FIRST’s latest version of CVSS is version 3.1. To understand CVSS fully—including the metrics it uses—organizations must familiarize themselves with the documentation available here. Tools such as NIST’s CVSS calculator and FIRST’s own calculator for version 3.1 are also useful for understanding the system and putting it to work.
Fig. 1. CVSS Metrics and Equations
CVSS was initially defined for vulnerabilities in client and server software installation, where privilege-based metrics are the focus. This is central to CVSS’s limitations; while it is still very effective in the context of software vulnerability, it is far less so when applied to other more complex environments and business risks.

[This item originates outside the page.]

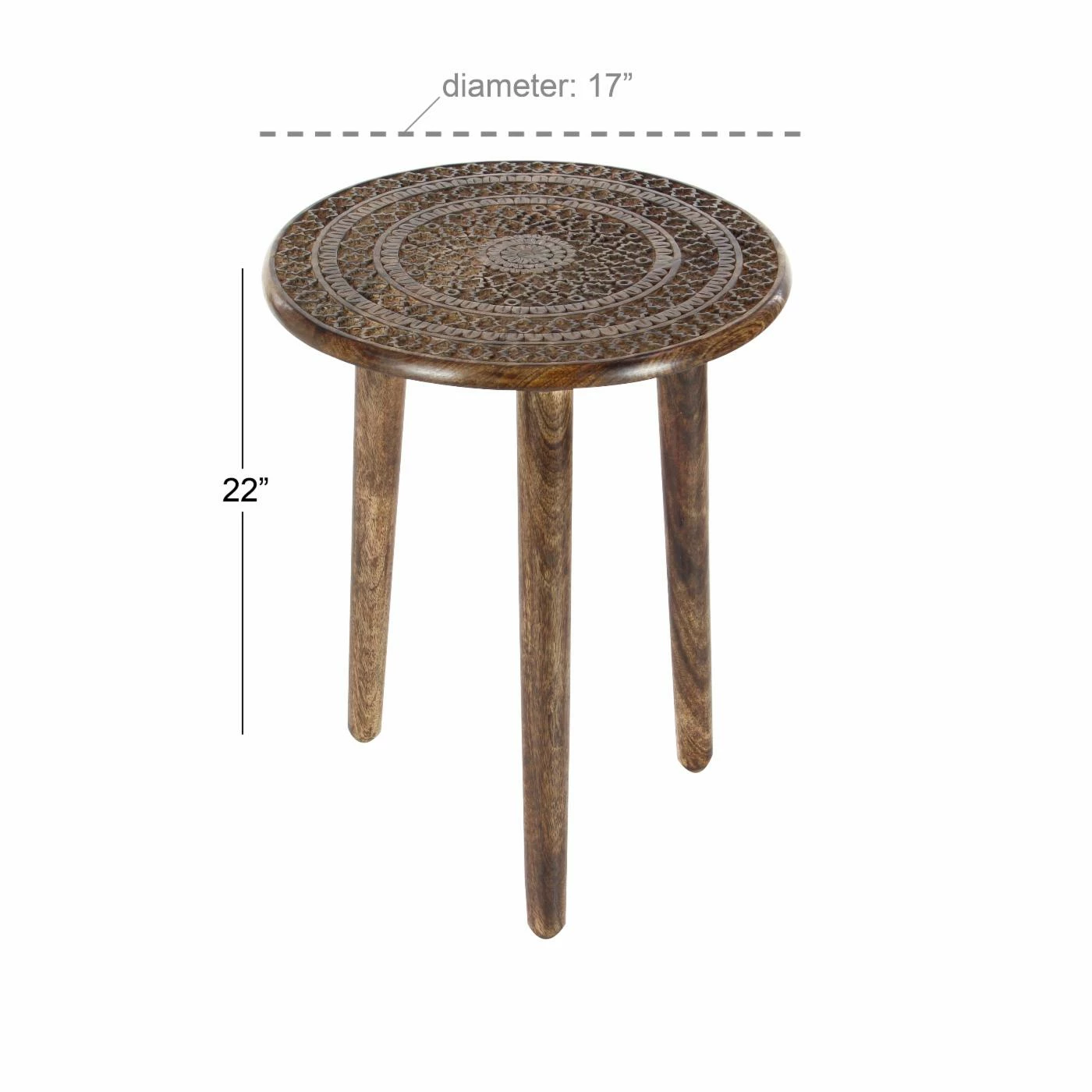 The charming DecMode Medallion Tripod Accent Table is a refined and stunning statement piece that gives a rich look to your home. An accent dΓ©cor piece which features a brown finish, exposed wood grain, and round table top with carved floral mandala design. Made of natural mango wood, this stunning table is both stylish as well as practical. Itβs the right choice for spaces with modern and contemporary interiors.

What limitations does CVSS have?
We’ve seen difficulties around CVSS implementation emerge when it has been applied to web applications, hardware, mobile testing, and the cloud. Here, ratings can become skewed (increased or decreased by trivial factors inconsequential to the nature of the analysis), resulting in misleading interpretations. Even when playing to the strengths of CVSS, context is crucial. The examples from client engagements below have been picked to show some of the ways CVSS can be applied incorrectly.
CVSS being used to rate findings that are not vulnerabilities
These "findings" have included: amount of coverage obtained during a vulnerability assessment or the need for additional requirements uncovered during a test. If CVSS is not applied to strictly technical vulnerabilities (i.e., “a weakness in an IT system that can be exploited by an attacker to deliver a successful attack”) the credibility and consistency of ratings will be compromised.
Context being missed (in the scoring of logic flaws, configuration errors, etc.)
Skewing happens across these types of issues because CVSS’s scoring computation is narrow by design. This removes the level of freedom available risk assessments, which are designed to be contextually relevant to the specificity of a business.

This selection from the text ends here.